There was a tiny part of him that found the way Mitch coped with the feeling of earning a new mark on his skin fascinating. Everyone accepted their artwork in their own way. The sensation of being tattooed was unlike anything else. The pain felt like a living thing that paced the confines of the body; some wild creature briefly trapped in a cage of skin and bone. It wasn’t some great, walloping blow followed by recovery and rage, but rather an embroidery of thorns. Delicate lace stitched together from a nervous system electric with a heat so cold it burned.
Binding pins.
NOT A LOCK YOU CAN’T POP, IS THERE, LITTLE THIEF?
“I’d better. It’s the only thing I’m really good at.”

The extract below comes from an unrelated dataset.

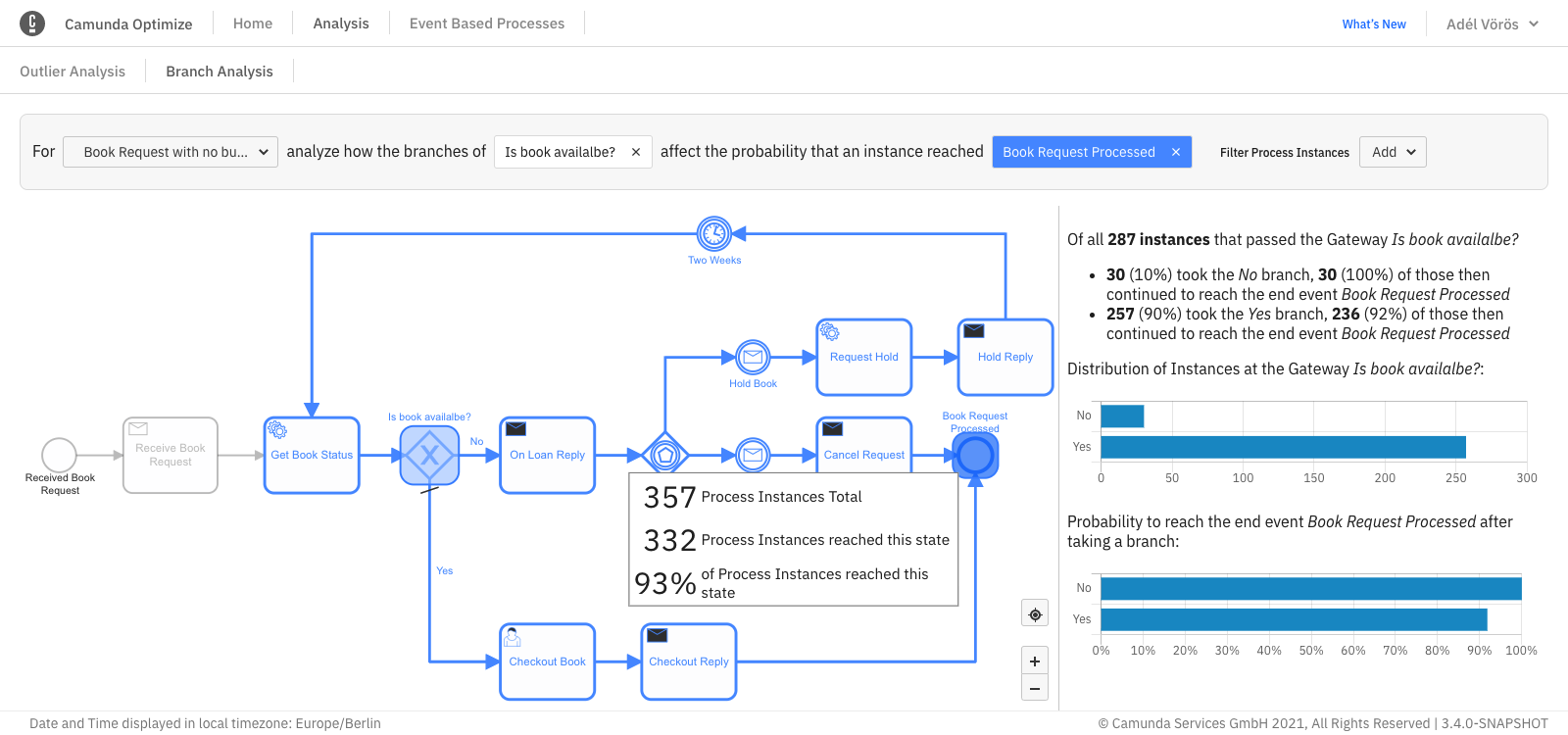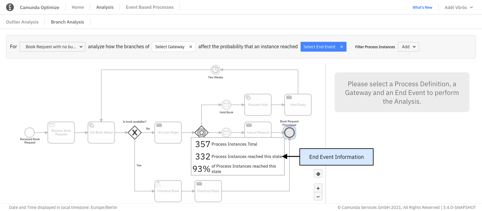 If a process contains more than one end event, it is useful to know which path tokens took to reach a specific end event. Camunda Optimize can provide you with a statistical analysis for a given end event and a gateway. This analysis includes how tokens were split at the gateway in question and how many of the tokens of each branch reached the end event.

He smirked, opening one eye. Beads of saline gathered at the corners, one tracking down his face- an involuntary reaction to the extended bone-shaking freezer burn. His voice shook just a tiny bit, a light lace of sweat on his forehead, but he smiled just the same. Inside, he was electric current and blood sparks.
“How’s it going, am I moving too much?”
“Nope! You’re doing great. In fact...have a look. What do you think?”
Silvio sat back in his chair, nodding to his work.
“Let me know if anything needs adjustment, but I think we’re good.”
Sitting up, Mitch finally gave the back of his hand a good look. The image was raised, the color fresh. The intense bone-buzz was gone but there was still a residual throbbing heat, almost as if the broken heart was beating its own little pulse. A tattoo’s tattoo.
“That is so fucking awesome. How much do I owe you? … Shit, I should’ve asked that first. I’ll give you whatever you need but I may have to do it in bits, if that’s not a problem.”
He blushed, turning away a bit. Most people wouldn’t have to worry about this sort of thing. No matter how hard he worked there never seemed to be enough extra, enough for the little things that, while not essential, were nonetheless important.
“Pffff,” Silvio sputtered with a dismissive wave of one hand. “You’re my stablemate, dude. I’d do it for free. But...I mean, I wouldn’t say no to you maybe lending a hand with my latest promo. I got a spot on the cast I’m looking to fill and I think you’d be perfect.”
“That’s all? Shit, man, of course. I’ll do anything you need, that’s what teammates are for. You sure though? I’d feel kind of bad stiffing an artist.”
“Oh, don’t worry about that,” Silvio replied with a wicked grin. “What you’re going to give me and the entire Legion with your performance? Trust me - that is going to be priceless.” Clapping his hands together, his eyes sparkled. “Tell me - how do you feel about glitter?”